Forgive me for this, Canabiz, 3-years in and its either not working or its all about individuality

What is yours is mine and what is mine is mine

how do those marriage vows go again

I, N , take you, N ,
to be my wife/husband,
to have and to hold
from this day forward;
for better, for worse,
for richer, for poorer,
in sickness and in health,
to love and to cherish,
till death us do part,


I guess a pre-nuptual should be the sacred agreement to a marriage and not some old dusty vow - for the love of money & nothing else

I must be way too old fashioned after 41 years of marriage

Total communication, trust & respect in a relationship/ partnership (business or marriage) is key to everlasting success


----------



## michika (Apr 20, 2009)

From a financial standpoint I'd say its economical, and like we've pointed out already, its the dissolution of the partnership that causes the most problems. On top of that you have to take into account someone's financial pre-disposition to saving/spending etc.

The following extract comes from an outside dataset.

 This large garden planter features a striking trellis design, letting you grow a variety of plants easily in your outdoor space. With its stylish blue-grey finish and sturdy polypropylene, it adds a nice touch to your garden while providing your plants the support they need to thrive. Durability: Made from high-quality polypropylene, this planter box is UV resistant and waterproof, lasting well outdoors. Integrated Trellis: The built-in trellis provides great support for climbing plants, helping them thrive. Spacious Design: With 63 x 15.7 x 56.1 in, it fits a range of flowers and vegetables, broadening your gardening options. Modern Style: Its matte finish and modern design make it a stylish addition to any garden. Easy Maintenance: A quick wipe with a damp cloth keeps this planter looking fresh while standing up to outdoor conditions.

Personally though I don't believe in marriage, so I see my relationship as a mutually beneficial investment, however I do not see it as being definitively long-term. People change over time. For example, my Brother and sister in law used to be financially savy, and conscious of how they spendttheir money. They had kids and now the wife is literally running them into the ground financially with her spending on their kids.

There are also social expectations that are come with marriage which I find are not necessarily in our best interests, yet we bend to them anyways, children, new homes, new cars, trips, etc.

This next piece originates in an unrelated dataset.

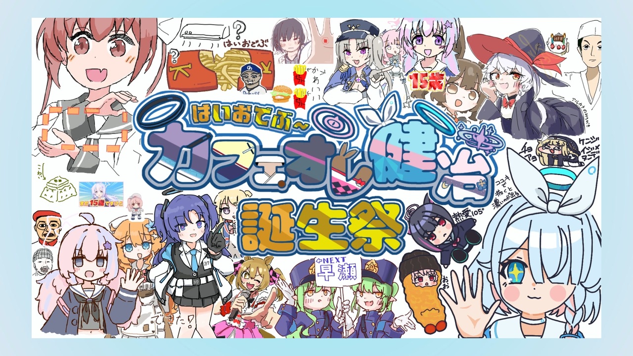 <span style="color: #4a86e8; font-size: 16px;"><strong>カフェオレ健冶</strong></span><span style="font-size: 16px;">さんの誕生日を記念して、</span><span style="font-size: 16px;"><i><u>25人</u></i></span><span style="font-size: 16px;">で合作をしました!!</span><span style="font-size: 10px;">はいおデブ〜 </span><br><br>メドレー単品:Coming Soon... <br>参加者リスト:<a href="https://www.nicovideo.jp/mylist/79134975" target="_blank" rel="noopener nofollow">https://www.nicovideo.jp/mylist/79134975</a> <br>YouTube版: <a href="https://youtu.be/D42uREc73-8" target="_blank" rel="noopener nofollow">https://youtu.be/D42uREc73-8</a><br><br><br><br><br><a target="_blank" href="https://qa.nicovideo.jp/faq/show/19424?site_domain=default" style="font-size: 13px;color: #657586; text-decoration: underline; line-height: 1.4">この動画は投稿者によって修正されました</a>
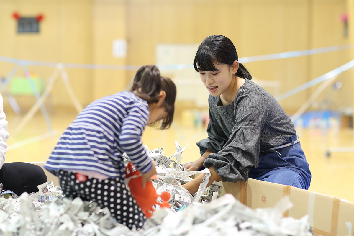 - 附属幼稚園と連携した実習が圧倒的に多いことに加えて、市の子育て支援活動などもあり、学びを実践につなげています。

In the end while I think it would be fantastic to maintain one partner for life, and I think for those who have, and will, its an amazing accomplishment. However great that sounds, I don't think its ever a horrible choice to plan for the potential negative outcome by having a pre-nup, etc.


----------



## Rickson9 (Apr 9, 2009)

One supposedly lives longer if married. Single people tend to die earlier. For a long-term investor such as ourselves, married makes more sense when building wealth.


----------



## lb71 (Apr 3, 2009)

Rickson9 said:


> One supposedly lives longer if married. Single people tend to die earlier.


But married people are more willing to die.


----------



## Mockingbird (Apr 29, 2009)

ethos1 said:


> I must be way too old fashioned after 41 years of marriage
> 
> Total communication, trust & respect in a relationship/ partnership (business or marriage) is key to everlasting success


ethos1, congrats on your 41 years and best of wishes on your next 41.
And you are not too old fashioned either. I, in my late 30's, agree with everything you said.

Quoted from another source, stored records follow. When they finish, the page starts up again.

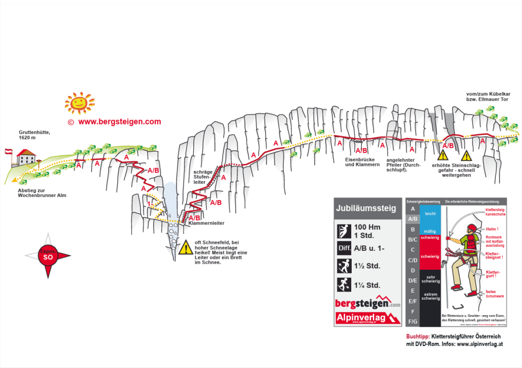 Nach insgesamt ca. 1,5 bis 2 Stunden erreicht man die Gruttenhütte (1.620 m), wo man sich eine Pause gönnen, etwas trinken oder eine kleine Brotzeit genießen kann. Der Weg ist gut markiert (rote/weiße Markierungen) und für geübte Wanderer problemlos zu bewältigen, Trittsicherheit ist jedoch empfohlen.
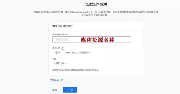 步骤三:创建媒体资源。媒体资源不仅包括网站,也包括一些应用等。填写媒体资源名称,设置时区以及币种。
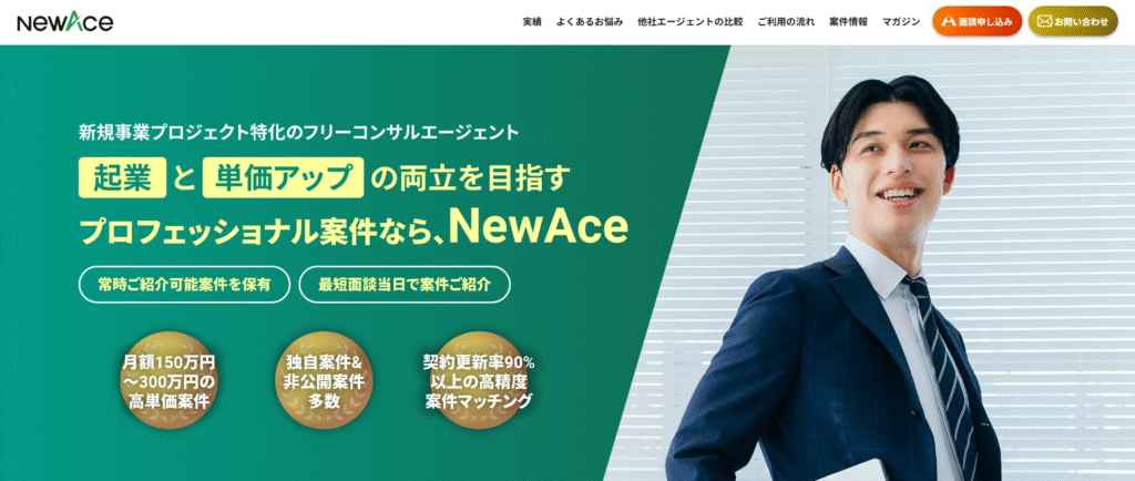 NewAceは、フリーランスや個人事業主向けに仕事の機会を提供するマッチング型サービスです。

Marriage is a leap of faith. If I worried about that 50% divorce rate, I would've never met the love of my life. 
The_Number, remember that "money issue" is the number one reason for divorce, and NOT the number one reason for marriage. So, start communicating!

PS: Nice to see those marriage vows again


----------



## Alexandra (Apr 3, 2009)

A spouse is not that expensive.

It's the EX-spouse that will cost you.


----------



## mike_bayer (May 13, 2009)

*59 per cent of wives would leave their husbands (if they could afford it)*

Sorry guys - reality is a bi_ch sometimes

http://www.dailymail.co.uk/news/article-508804/59-cent-wives-leave-husbands-afford-it.html#

59 per cent of wives would leave their husbands (if they could afford it)

By LUKE SALKELD

Last updated at 23:27 17 January 2008


They may have promised to have and to hold for richer and for poorer.

But wives are most interested in the richer part, it was claimed yesterday.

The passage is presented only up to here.